Identifiability: The determination of whether there is sufficient information to distinguish the true hypothesis from all other possibilities. A notion of non-identifiability can be used to
- Enhance the acquisition method’s quality to secure more informative data.
- Respecify inference method to better utilize available data and resolve ambiguities in the hypotheses.

Alignment in machine learning encompasses two critical dimensions, technical alignment addressing distribution shifts, data anomalies, and adversarial samples, and value alignment, which mitigates risks such as reward hacking, misgeneralization, bias and inner alignment. Misalignment calls for data driven interventions (retargeting), while it demands model driven adjustments (refinement). This duality extends to identifiability challenges. Parameter non-identifiability arises when multiple parameter values fit the observed data equally well. With finite samples, this may reflect insufficient data, but even with infinite data, this form of non-identifiability can persist due to mathematical equivalences in the model structure. The appropriate remedy is to respecify the model, altering its parameterization or imposing constraints to eliminate ambiguities. In contrast, causal non-identifiability concerns whether the available data, regardless of sample size, contains sufficient information to uniquely determine causal effects. The remedy is to enhance the data acquisition method, whether through experimental interventions to address confounding, improved instrumentation to reduce measurement error, or richer data collection protocols.

Importantly, even when misalignment or non-identifiability is detected, intervention may not always be warranted or feasible. In such cases, quantifying the degree of misalignment or the extent of non-identifiability becomes essential for transparent decision-making and risk assessment. Addressing these challenges requires bridging the gap between rigorous probabilistic theory and the practical realities of modern deep learning architectures, developing methods that are theoretically grounded yet computationally tractable for real world deployment.

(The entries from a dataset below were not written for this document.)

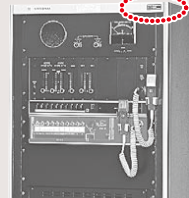
WL-5090 / 5590 シリーズ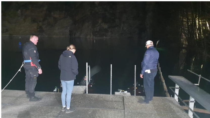
Veiligheidsploegen op ponton

Eens in het water zie je het verschil met een duik die plaatsvindt tijdens de dag. De meeste vissen zijn al slapen en andere vissen, zoals de snoek, echte rovers, worden zeer beweeglijk. Op een diepte van -28m wordt het zicht plots veel beter. Tegen de wand plakt een thermometer en geeft ons een temperatuur van 7,2°C. aan. Gelukkig duiken de meesten met een droogpak. Sommigen gaan zelfs zo ver dat ze een elektrische verwarmingsvest extra aantrekken. Plots duiken twee snoeken voor ons op, we volgen hun weg maar plots ... net zoals ze tevoorschijn kwamen, waren ze ook weer verdwenen. Met ons kompas in aanslag doken we verder. Op -20m, treffen we een militair voertuig aan, een licht infanterievoertuig. Ook hier troffen we een paar snoeken aan.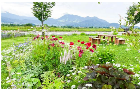
※各画像は参考画像となります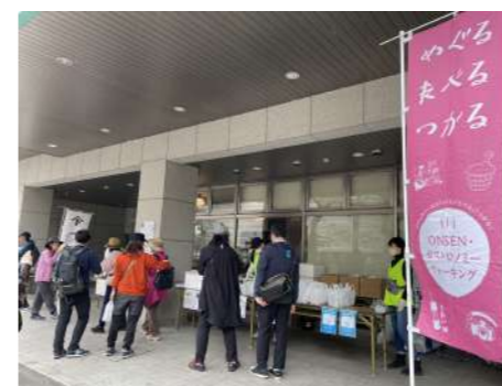
広瀬川付近での提供の様子

11月13日(日)に「第3回ONSEN・ガストロノミーウォーキングin前橋・赤城スローシティ」を開催しました。スローシティ前橋の新たな魅力を発信するため、地域のまつりをコースに入れた新たなコース設定をし募集したところ、県内外から161名の方が参加。地域の食や酒を堪能したり、ガイドによる臨江閣案内などを体験しながらウォーキングを楽しみました。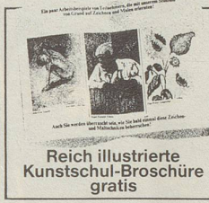
Reich illustrierte Kunstschul-Broschüre gratis

Die Neue Kunstschule Zürich gliedert sich in 4 spezielle Abteilungen: Abteilung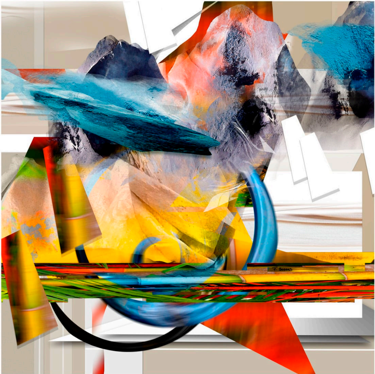
Série des entrelacs – Entrelacs 37-4 100x100cm – 2010/2023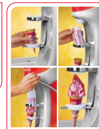
Langnese Soft Dispenser** Für Kombiverkauf aus der Impulstreue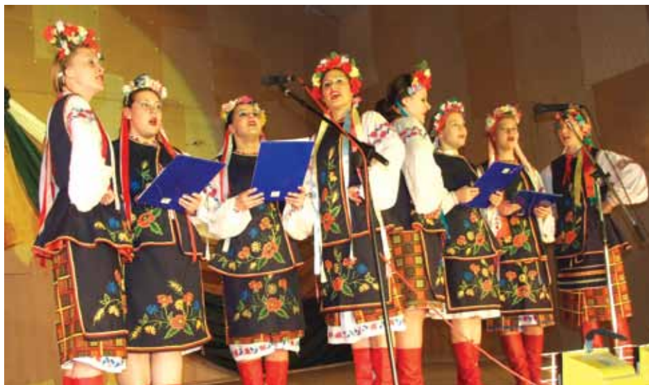
Добар глас и витак стас – омладинке „Карпата”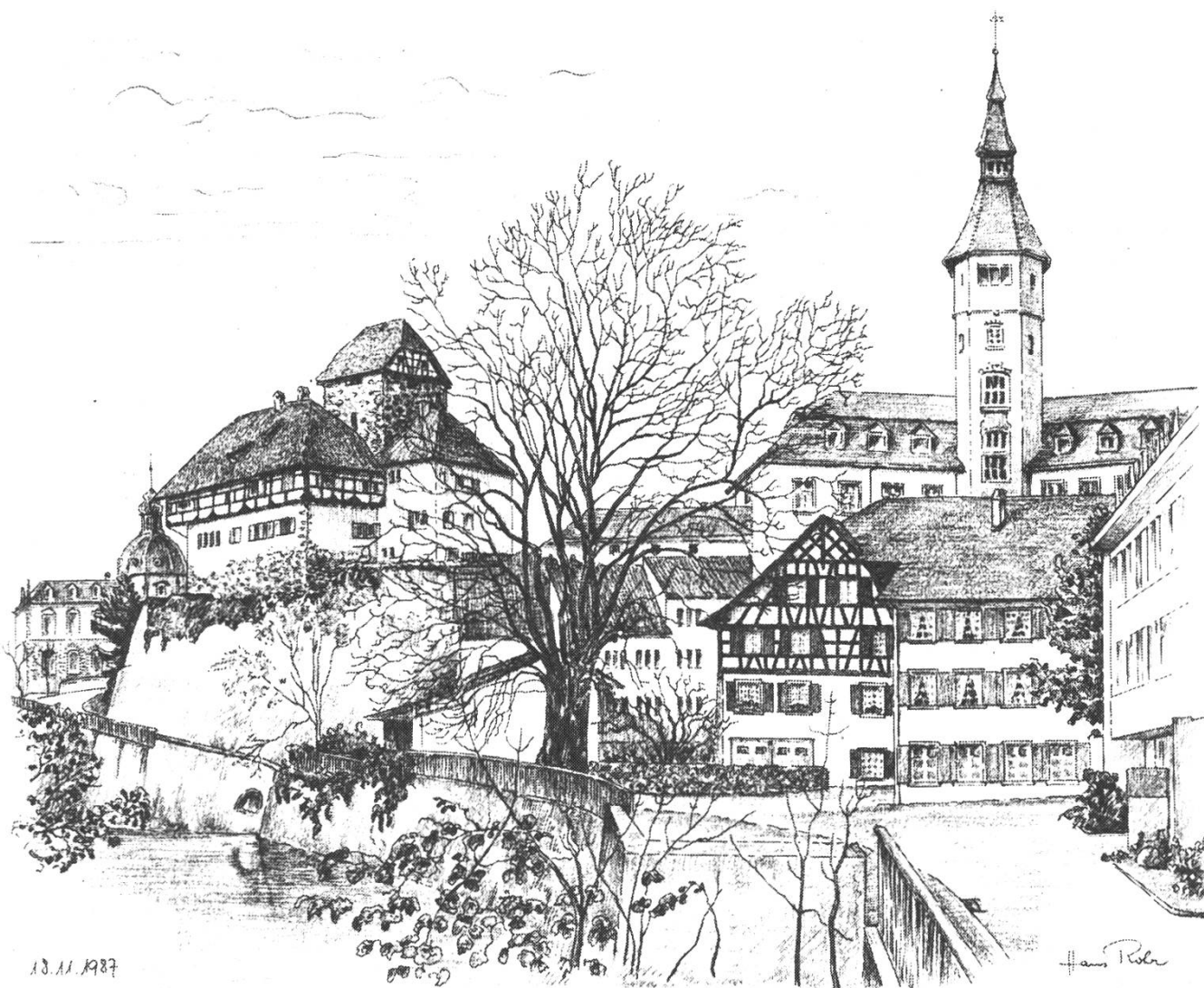
Schloss Frauenfeld/Le château de Frauenfeld

HERZLICH WILLKOMMEN IN FRAUENFELD, DER HAUPTSTADT DES KANTONS THURGAU VEREIN FÜR PILZKUNDE THURGAU

Therefore, most of my research is structured around the proposed decision-making framework for trustworthy AI systems, by investigating probabilistic modeling and its relationship to uncertainty quantification and demonstrating how this information could potentially signal the requirement for changes in observing or modeling.

Closing thoughts

The question remains: how can we build systems capable of this level of reasoning to make sound decisions? The solution lies in treating machine learning probabilistically rather than as a straightforward, deterministic input-output mapping. Using probability theory, we can reason under uncertainty and leverage this uncertainty to drive alignment and identifiability-related decisions.